Franchise Association Takes Seattle Minimum-Wage Case to Supreme Court
The International Franchise Association says that its lawsuit against Seattle over its $15 minimum wage brings up enough legal questions that the Supreme Court should weigh in on the issue. The association maintains that the city's law unfairly treats franchisees the same as larger companies.
The International Franchise Association says that its lawsuit against Seattle over its $15 minimum wage brings up enough legal questions that the Supreme Court should weigh in on the issue.

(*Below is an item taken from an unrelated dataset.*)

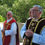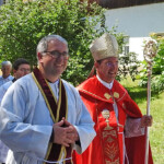 Dem Gotteshaus in Rettenbach zu Ehren gab es den Festgottesdienst neben der Kirche mit H.H. Erzabt Dr. Korbinian Birnbacher (unten Bildmitte). Mit dem Pfaffinger Pfarrer Josef Huber an der Seite sowie – zur großen Freude vieler Anwesenden – auch mit dem früheren Geistlichen der Kirchengemeinde, Pfarrer Willibald Mittermeier (rechts im Bild unten). Welch wunderbares Wiedersehen.

IFA maintains that the city’s law unfairly treats franchisees the same as larger companies.
One of the most prominent critics of Seattle’s minimum-wage law is taking its legal fight to the highest court in the land.
The International Franchise Association (IFA) this week filed a petition for a writ of certiorari asking the Supreme Court to review its appeal against Seattle’s $15-minimum-wage law, which treats franchisees and large national companies the same.
IFA, which, along with five franchisees, first filed suit against the city in June 2014, emphasizes that it isn’t trying to prevent the full law from taking effect. Rather, the trade group wants to ensure the city is following legal precedent, which it argues treats franchisees as small employers. (By treating franchisees as legally the same as large employers, chains are required more raise their wages more quickly under the city’s law.)
The association argues that the city’s law violates both the Commerce Clause and the Equal Protection Clause of the U.S. Constitution.
“Our appeal to the Supreme Court will be focused solely on the discriminatory treatment of franchisees under Seattle’s wage law and the motivation to discriminate against interstate commerce,” IFA President and CEO Robert Cresanti said in a news release.
Thus far, the association’s argument has struggled to find support in the courtroom. In March 2015, a federal court rejected IFA’s argument on the issue, and last September, the Ninth Circuit Court of Appeals upheld the lower court’s ruling.
“The panel held that IFA did not show that it was likely to succeed on the merits or that a preliminary injunction was in the public interest,” the appeals court wrote in its decision, according to the Seattle Times.
But IFA’s Cresanti emphasized that there was enough debate over the issue throughout the federal court system that the Supreme Court should weigh in.
“The controlling Supreme Court precedent and the conflict among the decisions of the federal circuit courts have proven that a Supreme Court review of the Ninth Circuit’s decision is the appropriate next step,” Cresanti noted this week.
The city must file a response to the legal action within the next 30 days. The Supreme Court will decide whether to take on the case in the spring.